2017-11-02 / Editorial Page

Consumers get answers from Ga. Department of Agriculture

Consumer Q’s is a weekly ques­tion and-answer column by Arty Schronce at the Georgia Department of Agriculture. Please share your thoughts, questions and suggestions with him by phone, mail or email.

Q: Do we raise any poinsettias commercially in Georgia?

A: We currently produce about half a million poinsettias annually in Georgia. Many of the poinsettias sold in Georgia come from other states.

Q: Do pecan halves stored in the freezer need to be thawed or brought to room temperature before using?

A: You can use them (or eat them) straight from the freezer.

Q: What are some evergreen trees and shrubs I can grow that can be used in making wreaths and decorating the windows in­side the church?

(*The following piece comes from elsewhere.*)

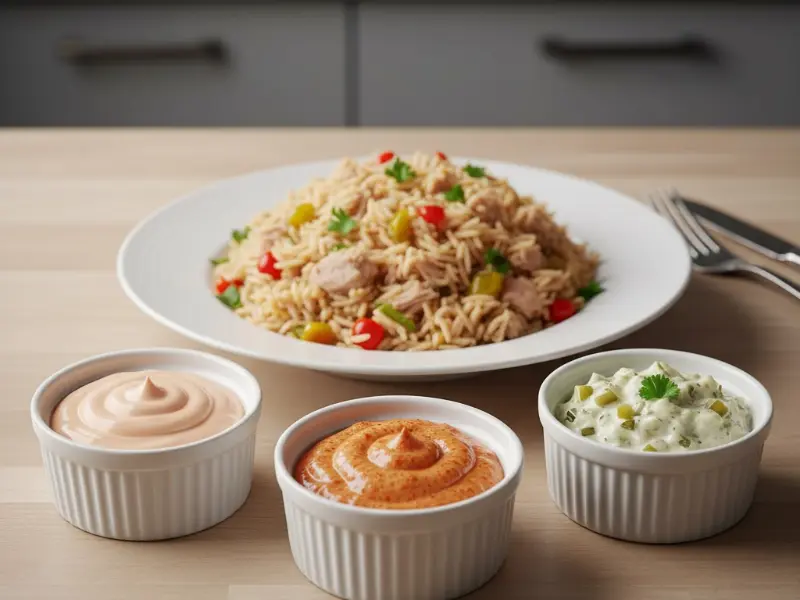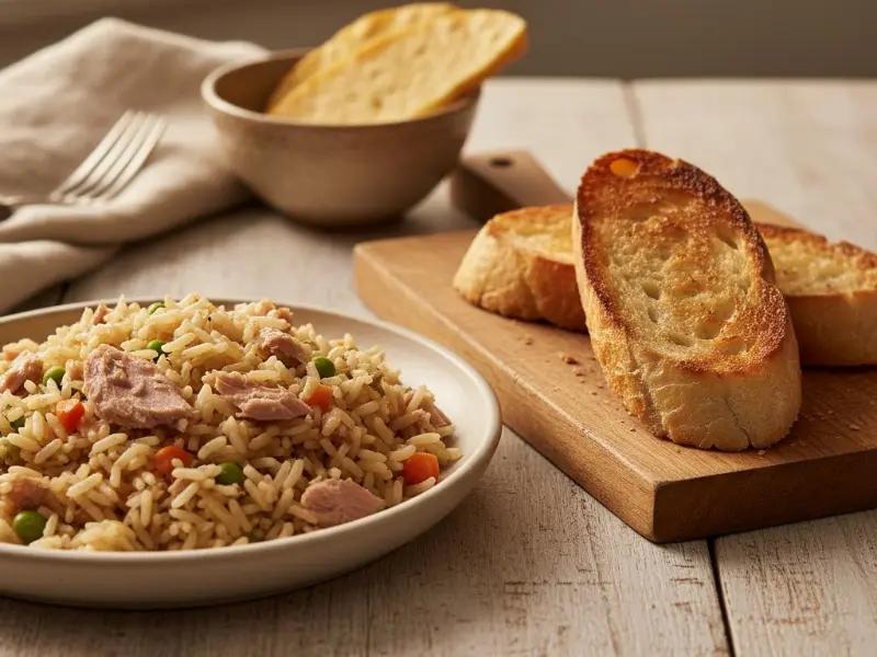 El arroz con atún puede servirse solo, pero si lo combinas con algo fresco o crujiente, el plato se transforma por completo.

A: Georgia winter gardens may make Northern gardeners “ever­green with envy.” You have many choices. Here are a few: pines, Southern magnolia, red cedar, juni­pers, deodar cedar, Arizona cypress, arborvitae, rosemary, yew, box­woods, bay, English laurel, hollies, osmanthus, Leyland cypress, China fir and Norway spruce. Light or moderate judicious pruning of these in the winter will not harm them. However, be careful not to destroy the shape of the trees and shrubs, especially conifers. Variegated and gold-leaved varieties will add brightness for your decorating.

You can also decorate your wreaths and windows in the Della Robbia style with seed pods and fruits from your garden such as pine cones, seed pods of Southern magnolia, lotus seed pods, pomegranates, apples, crabapples, trifoliate orange, sumac, pyracantha, nandina and hawthorn. Muscadine vines make good wreaths. They are pruned in late winter or early spring and fashioned into wreaths at that time and saved until Christmas.

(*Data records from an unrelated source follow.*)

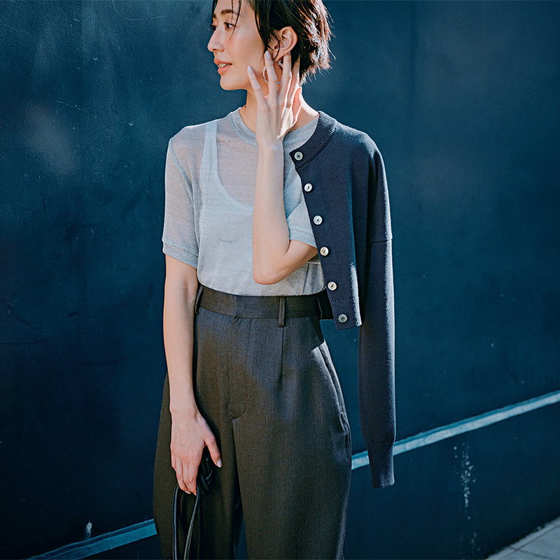 トップス¥30,800〈エイチビューティ&ユース〉パンツ¥36,300〈ロエフ〉(ともにエイチ ビューティ&ユース)タンクトップ¥5,500(バナナ・リパブリック)カーディガン¥28,600(ナゴンスタンス)
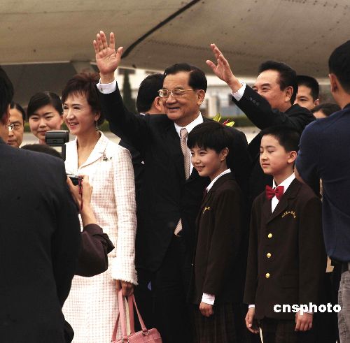 中共中央臺辦主任陳云林、中共北京市委副書記龍新民、在京臺商代表和北京各界代表列隊在停機坪熱烈歡迎連戰(zhàn)一行。
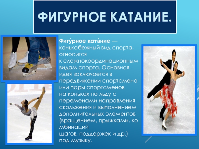Фигу́рное ката́ние — конькобежный вид спорта, относится к сложнокоординационным видам спорта. Основная идея
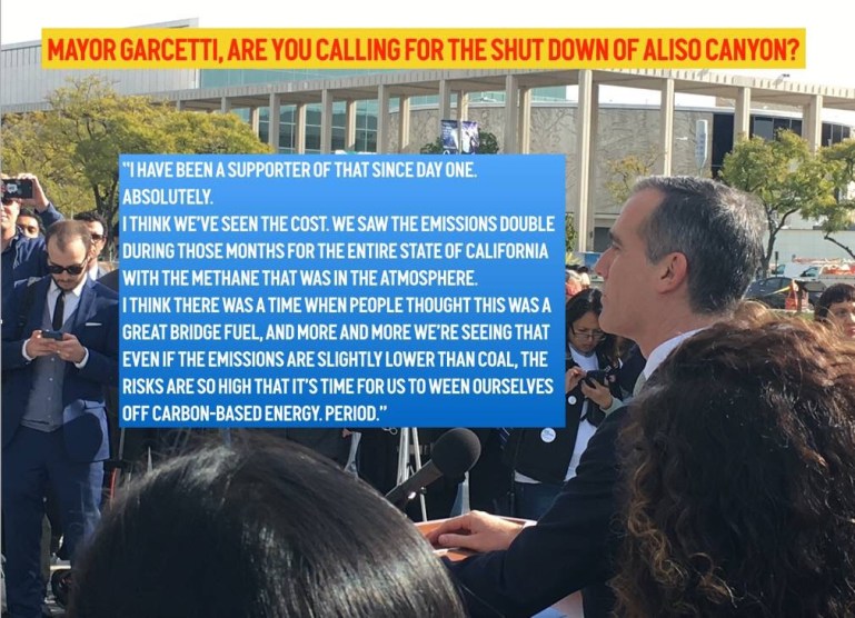 And then, in answer to a question asking if he was also calling for the shutdown of the failed Aliso Canyon gas storage facility Mayor Garcetti said:

Q: Are pop-up timers in poultry reliable as an indication of safe internal temperatures?

A: The pop-up timer is an indica­tor device that pops up when a spe­cific temperature has been reached, not necessarily when the bird has been fully cooked. The pop-up timer helps provide an indication of when to actually start verifying the product’s internal temperature, instead of conducting temperature checks before they are necessary. Checking the internal temperature of the food with a conventional food thermometer is recommended. Poul­try should be heated to an internal temperature of 165 degrees F. for 15 seconds.

Q: What is a ‘Carolina Sap­phire’ tree? I saw it mentioned many times on Christmas tree growers’ lists.

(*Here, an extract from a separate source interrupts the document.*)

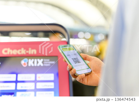 請出示您智慧型手機上的電子登機證。圖片由關西國際機場(KIX)提供。

A: ‘Carolina Sapphire’ is a variety of Arizona cypress. It is popular with Georgia Christmas tree grow­ers because it performs well in our soils and climate, and is popular with Christmas tree buyers because of its beauty, durability and versatil­ity. As its name suggests, its needles are silvery blue. It has a nice fra­grance.

Georgia Christmas tree farms grow numerous species and variet­ies of trees. Eighty-three farms from 56 Georgia counties are represented in the current list in the Farmers and Consumers Market Bulletin. Among their offerings are white pine, Virginia pine, Leyland cypress including ‘Naylor’s Blue,’ ‘Murray’ and ‘Silver Dust’ varieties, Arizona cypress including ‘Carolina Sap­phire’ and ‘Blue Ice’ varieties, red cedar, Scotch pine, Norway spruce and Fraser fir.

Georgia Christmas tree growers do an excellent job producing beau­tiful Christmas trees and the happy memories that come with them. Besides the cut-your-own option, some growers have trees already cut or trees you can plant in your yard after the holiday.

If you are not a Market Bulletin subscriber, you can view the list of Christmas tree farms by visiting the website of the Georgia Department of Agriculture at www.agr.georgia.gov. Click on “Market Bulletin” and then click “Articles of Inter­est.” You may also wish to visit the website of the Georgia Christmas Tree Growers Association at www.gacta.com to learn more about the many growers in Georgia.

Q: What are winter squash? Do they grow in the winter?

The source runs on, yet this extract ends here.